Sejalan dengan perjalanan liberalisasi perdagangan, berdasarkan UU Jasa Konstruksi, badan usaha maupun pekerja asing konstruksi sudah tidak dihalangi-halangi untuk beroperasi dan bekerja di Indonesia (LPJK: Jumlah usaha asing konstruksi tahun 1998: 448 unit usaha, dan terbanyak dari Jepang). Hal ini menimbulkan tantangan tersendiri makala sebagian besar badan usaha nasional, yang sebagian besar berskala kecil, tidak cukup memiliki daya saing dan kemampuan untuk menyelenggarakan pekerjaan konstruksi yang efisien dan efektif. Indikasi dari persoalan ini adalah harga bangunan yang mahal, kualitas pekerjaan yang tidak memenuhi standar dsb.
Dengan kondisi tersebut, pada saat investasi asing maupun pembiayaan dari luar negeri masuk ke Indonesia, jumlah unit usaha nasional yang dapat memanfaatkan peluang pasar pekerjaan konstruksi yang ada menjadi sangat terbatas.

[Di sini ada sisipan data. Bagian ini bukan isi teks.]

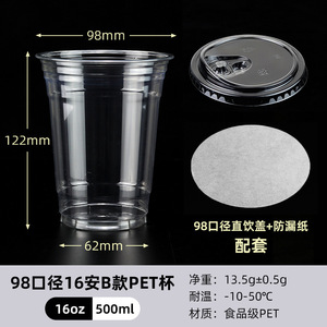 98-16オンス (500ml) カップ + 平らな蓋 + 漏れ防止紙 + ステッカー + ストロー
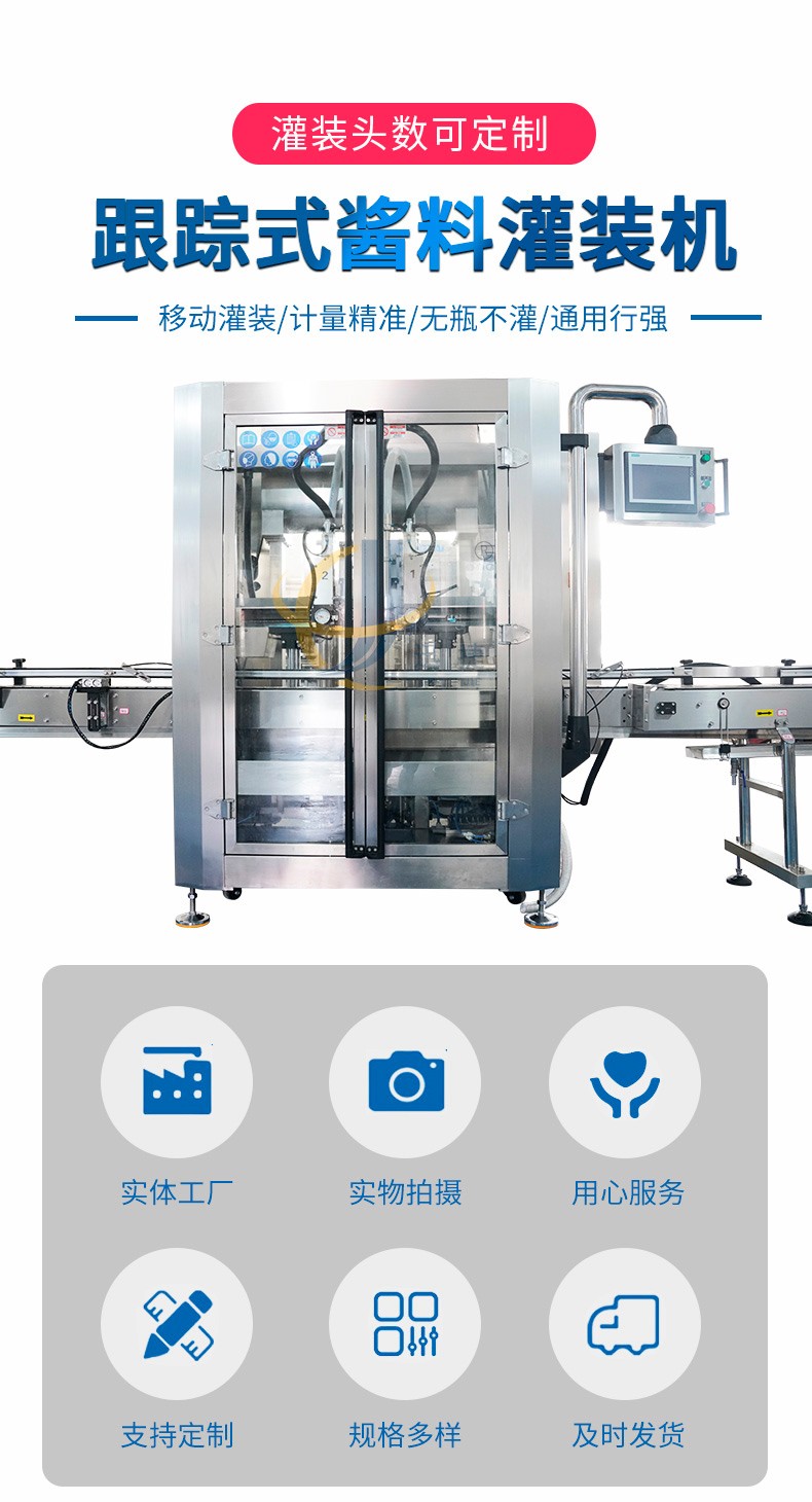 跟踪式调味酱灌装机设备配置定量灌装、定液位灌装两种方式,计量误差2克。定量灌装保证每一瓶的灌装质量。

Pada akhirnya, segera terlihat bahwa usaha konstruksi nasional sangat bergantung kepada pasar konstruksi yang dibiayai dari dana pemerintah yang secara nasional hanya sekitar dari 40% pangsa pasar konstruksi atau Rp. 65 trilyun (2004) dari sekitar Rp. 156 trilyun total volume pasar konstruksi (Data : BPKSDM Dep PU).
Pola berpikir yang berkembang, kemampuan usaha yang tidak memadai disebabkan oleh persyaratan usaha dan persyaratan keahlian belum diarahkan untuk mewujudkan keandalan usaha yang profesional. Dengan pemahaman ini, sangat mudahnya seseorang mendirikan usaha di bidang konstruksi dan sangat mudahnya seseorang mengaku ahli dalam bidang konstruksi karena tidak jelasnya persyaratan usaha dan persyaratan keahlian sehingga menyebabkan usaha konstruksi secara nasional menjadi tidak kompetitif. Pada akhirnya, usaha jasa konstruksi nasional tidak dapat menguasai sepenuhnya peluang pasar pekerjaan konstruksi baik di dalam negeri maupun di luar negeri, apalagi yang berteknologi tinggi.
Undang-Undang No 18 Tahun 1999 tentang Jasa Konstruksi telah menggarisbawahi peran penting jasa konstruksi dalam pembangunan dalam menciptakan bangunan fisik yang berfungsi mendukung pertumbuhan dan perkembangan sosial ekonomi, maupun mendukung tumbuh berkembangnya berbagai industri barang dan jasa. Melalui undang-undang ini telah disepakati bahwa jasa konstruksi perlu dikembangkan secara sistematis dengan mengerahkan segenap potensi masyarakat jasa konstruksi sehingga peran jasa konstruksi dalam pembangunan dapat dimaksimalkan.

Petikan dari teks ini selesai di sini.